The development of the r-TSR addresses the rotator cuff deficient, painful arthritic shoulder. The design of r-TSR is to maximize deltoid fiber length to allow more efficient contraction and function of the deltoid in elevation of the arm. The prosthetic components are designed to change the C.O.R. to one that is more inferior and medial to the native joint.
The design of r-TSR has also evolved over the past 20 years. The original “Grammont” style sought to inferiorly displace the humerus to maximize deltoid fiber length; this resulted in inferior scapular notching, leading to failure. The current revised designs include a C.O.R. which is more lateral and inferior to the native C.O.R. The implant design is for an in-growth trabecular metal baseplate with locking screws to secure the component to the bony glenoid. The relatively minimally curved glenoid is replaced with a glenosphere: a solid Co—Cr semi-spherical to spherical surface that attaches to the in-growth metal base-plate. This is typically through a combination of a Morse taper fit and center screw fixation. The glenosphere is typically inserted at an inferiorly directed version angle, between 5-10 degrees.
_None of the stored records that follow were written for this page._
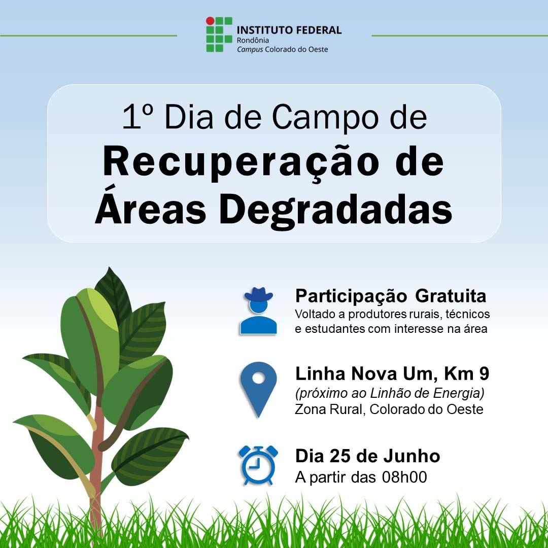 O Instituto Federal de Rondônia (IFRO), Campus Colorado do Oeste, realizará o 1º Dia de Campo de Recuperação de Áreas Degradadas no sábado, 25 de junho de 2022. O evento é gratuito e voltado a produtores rurais, técnicos, alunos e demais interessados no assunto. Serão abordados temas como: adequação ambiental, métodos de recuperação, crédito rural, produção de mudas e cuidados após o plantio.
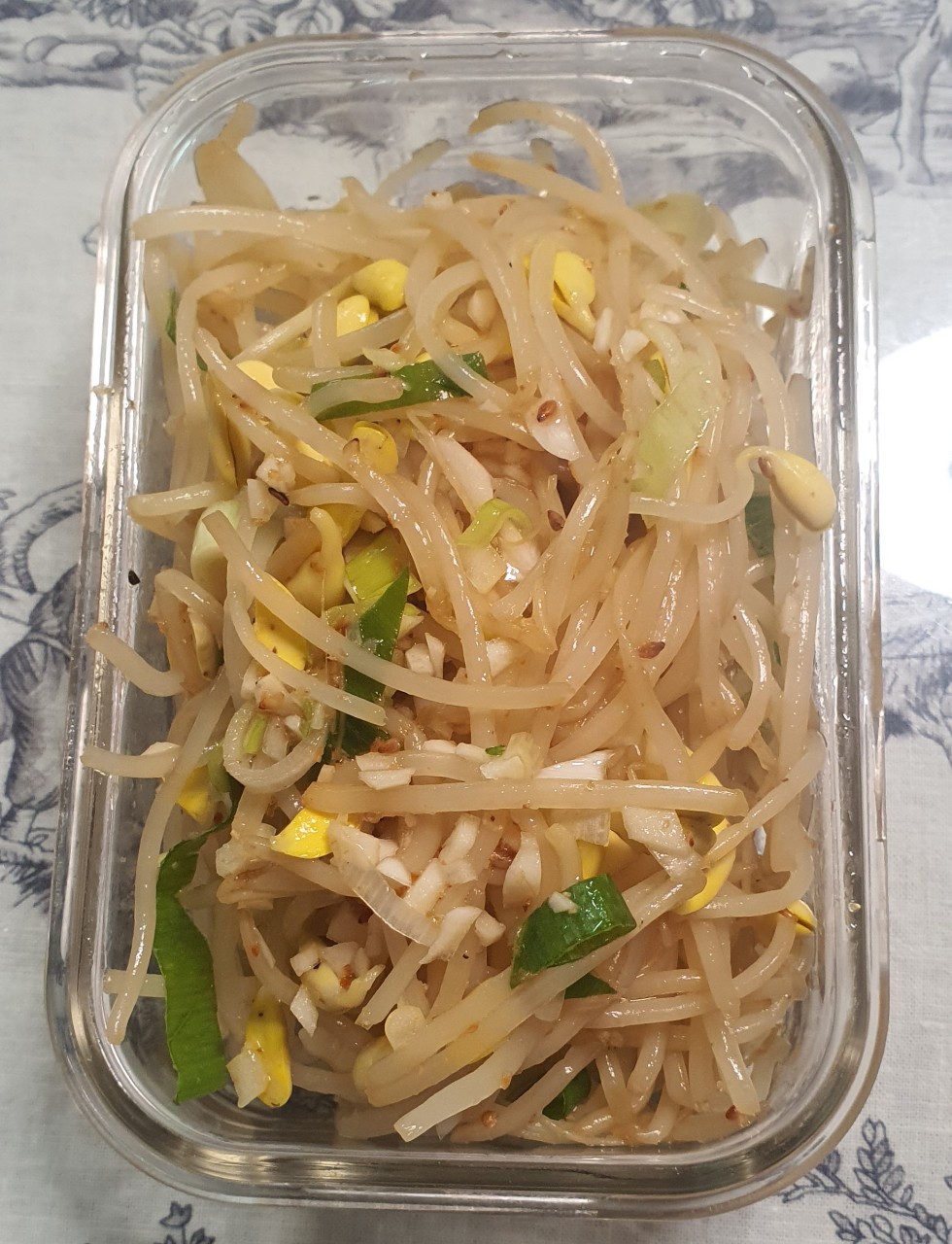 1.콩나물을 깨끗이 씻어서 냄비에 물을 넣고 소금 1t를 넣고 콩나물을 넣어 뚜껑을 닫고 삶는다
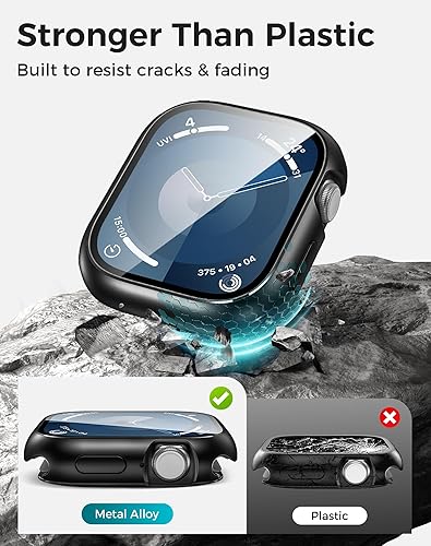 Anti-Crack & Durable: Metal case of the Apple Watch cover 45mm is made from premium aluminum alloy frame+ built-in 9H tempered glass screen protector, resists cracks and wear better than plastic. A durable upgrade for those tired of flimsy protective covers that break too soon

This allows for inferior offset of the humerus, elongation of the deltoid muscle fibers and a joint reactive force in line with prosthetic alignment.
R-TSR already have asymmetric, higher shear and higher loading of the glenoid component, called the glenosphere and baseplate construct. Despite these greater loads, in growth metal baseplates with locking screws are not the cause of failure, due to the excellent bone incorporation and stability.
The r-TSR has a different humeral component design as well. Where the ta-TSR has the Co—Cr humeral head, the r-TSR had the Co—Cr glenosphere attached to the glenoid. The humerus had a stemmed component but attached to the top is a polyethylene cup or humeral cup to articulate with the glenosphere. The modularity of components, specifically glenosphere sizing and humeral cup sizing, allow for multiple permutations to achieve the most successful and stable construct.
Current long-term studies on viability of r-TSR have revealed that the construct of an in-growth metal baseplate with locking screws has excellent long-term fixation without evidence of loosening, even in osteoporotic bone.
Currently, there is not a single company known to the inventor that has a universal baseplate for both ta-TSR and r-TSR. Further, the modularity that exists today allows only for conversion of a ta-TSR humeral stem to accommodate a r-TSR humeral cup. Conversion to a r-TSR requires removal of the polyethylene glenoid with reconstruction of the glenoid bone with tricortical bone, often taken from the patient's own iliac crest, and consequential donor site morbidity.